Many people actively struggling with other issues can gain focus in this type of crisis, said Laura Guarino, community action team clinical manager for SalusCare. “(Clients) were forced to cope with situations beyond their control. So they worked with their families and the natural supports they had, like the community and their friends, and got through it.”

With Irma bearing down, “they weren’t focused on their primary problems and they had to take one day at a time”—which is the best way to disengage from any addiction or acute stressor.

But “one day at a time” is challenging. A contagion can take hold in a crisis, says Stacey Brown, a licensed mental health counselor in Fort Myers. “People who have never been through this were in hunter-gatherer mode,” she says. Some were panicking and scurrying about to stock up before the storm was anywhere near. People around them then get anxious.

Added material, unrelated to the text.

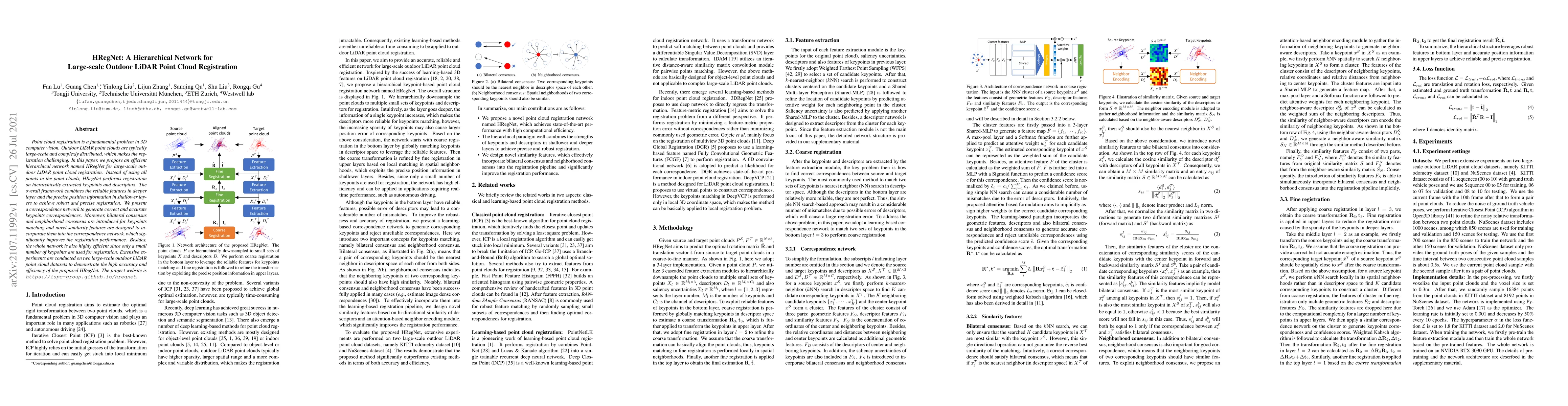 HRegNet is a hierarchical network designed to efficiently register large-scale outdoor LiDAR point clouds by focusing on keypoints and descriptors rather than all points. It combines deep features for reliability and shallow features for precision, significantly improving registration performance and efficiency.

Brown says she noticed that “people who had been investing in self-care seemed to have more confidence in their decisions and were better able to focus and get things done.”

People also had to confront their acquisitiveness.

“Just about everybody who goes through a hurricane thinks, ‘Wow, I have too much stuff,’” Brown says. “So there’s a purification that goes on.

“It’s almost like a controlled burn. After big changes in life, you’re laid off, get divorced, you look at your surroundings differently. There’s an evaluation that goes on, and that’s a very positive thing.”

Unfortunately, though, “typical coping skills often don’t work for people whose basic needs (for things like food and shelter) aren’t met,” Guarino says.

SalusCare facilities closed for a week for Irma. During that time, the main contact line received so many messages from people seeking help that the recording space was exhausted, Guarino says.

But afterward, “Ninety five out of 100 people have told me they learned to be grateful for what they have,” says Dr. Adrienne Eisner, a psychiatrist and medical director for outpatient services at SalusCare.

If only that feeling didn’t tend to be fleeting.

“Part of the process of therapy is to help people hold onto that feeling,” Lopez says.


Try This

For do-it-yourselfers, here are some takeaways from local counselors that may help before, during and after a future crisis.


• Stay connected with family and friends as a kind of emotional insurance.

• Take care of yourself and maintain healthy habits to stay grounded.

• Distract yourself by doing things you like while you are anticipating the stress of a hurricane or other traumatic event, and afterward. Go to the gym, go to the movies, spend time with pets or outdoors.

During and after:

• Don’t spend too much time on social media. “With such different stories and different versions of everything, social media tended to exacerbate people’s fears” during the recent hurricane, Guarino says.

• Stay around people with whom you feel comfortable. “I’m not a believer in blood being thicker than water,” Eisner says. “Friends can be more valuable than family.”

• Do not watch the news or a weather channel or check a weather app continuously. Of course you’ll want to stay informed if you need to make decisions, but it’s not necessary to be glued to a device to do that.

• Be aware of your own moods and patterns of behavior and try to regulate your emotions. Acknowledge and accept the fact that you may be off balance. If you used substances you were trying to quit or otherwise backslid on a health program, forgive yourself and get back on track. You’ll be stronger now.